Data segment
---*---
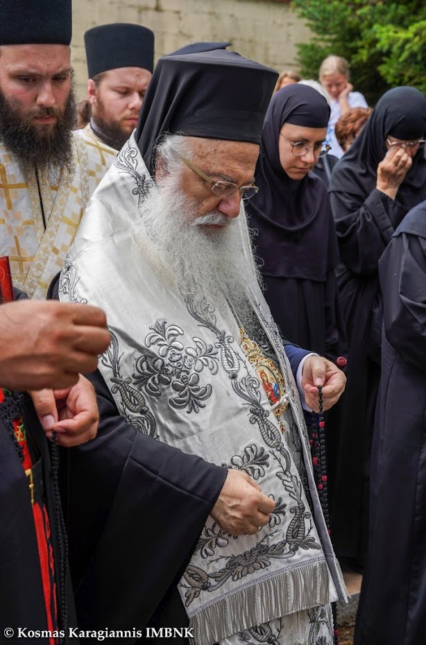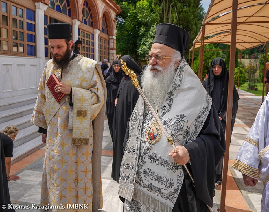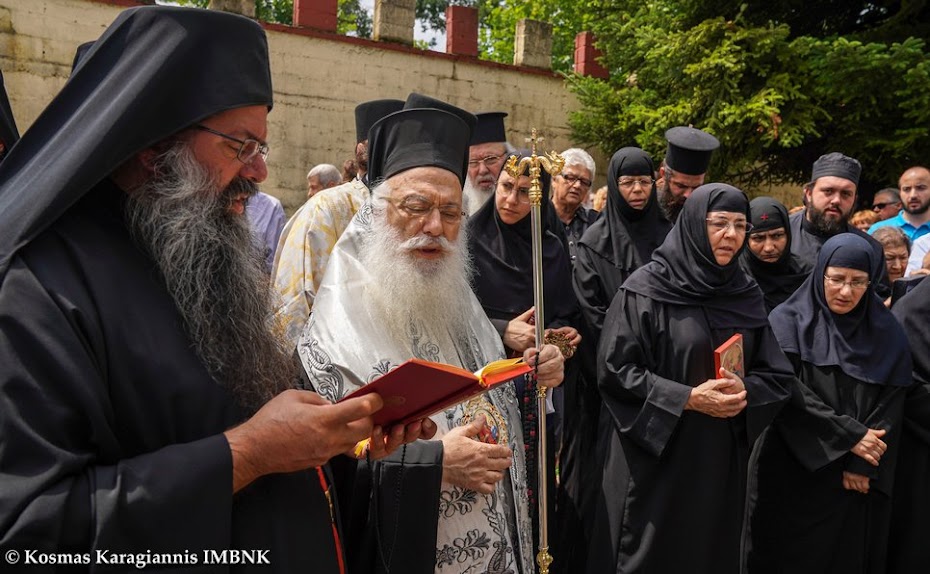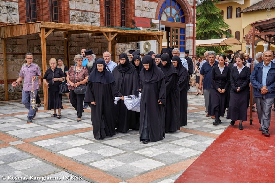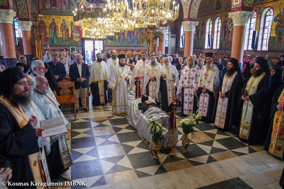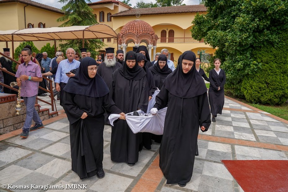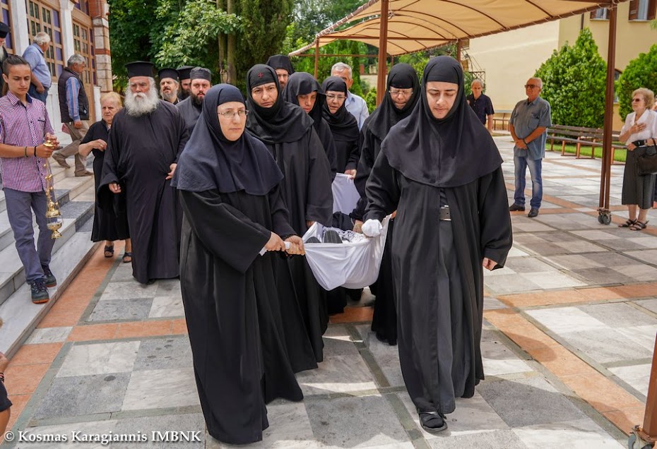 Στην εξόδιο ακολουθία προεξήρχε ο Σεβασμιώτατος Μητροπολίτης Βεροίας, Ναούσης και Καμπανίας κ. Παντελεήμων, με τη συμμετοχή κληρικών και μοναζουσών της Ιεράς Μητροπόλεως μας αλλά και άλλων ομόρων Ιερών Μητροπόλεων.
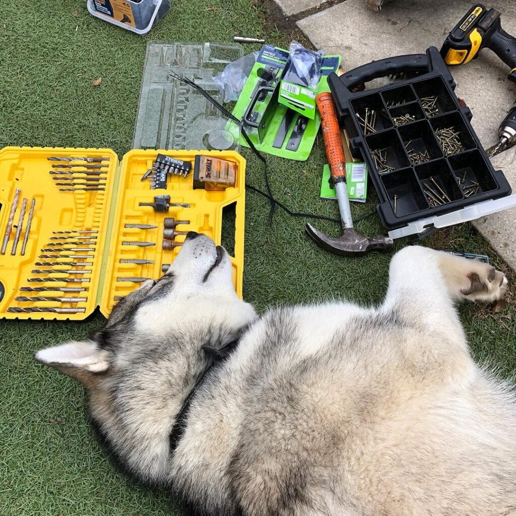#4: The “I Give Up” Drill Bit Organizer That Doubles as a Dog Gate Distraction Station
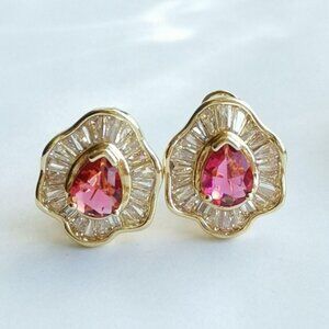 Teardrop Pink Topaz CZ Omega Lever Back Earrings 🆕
---*---
Your task
Transcribe exactly the lines above, running from the one that contains "Gate Distraction Station" through the final line of the listing, and skip every picture.

Task answer
#4: The “I Give Up” Drill Bit Organizer That Doubles as a Dog Gate Distraction Station
 Teardrop Pink Topaz CZ Omega Lever Back Earrings 🆕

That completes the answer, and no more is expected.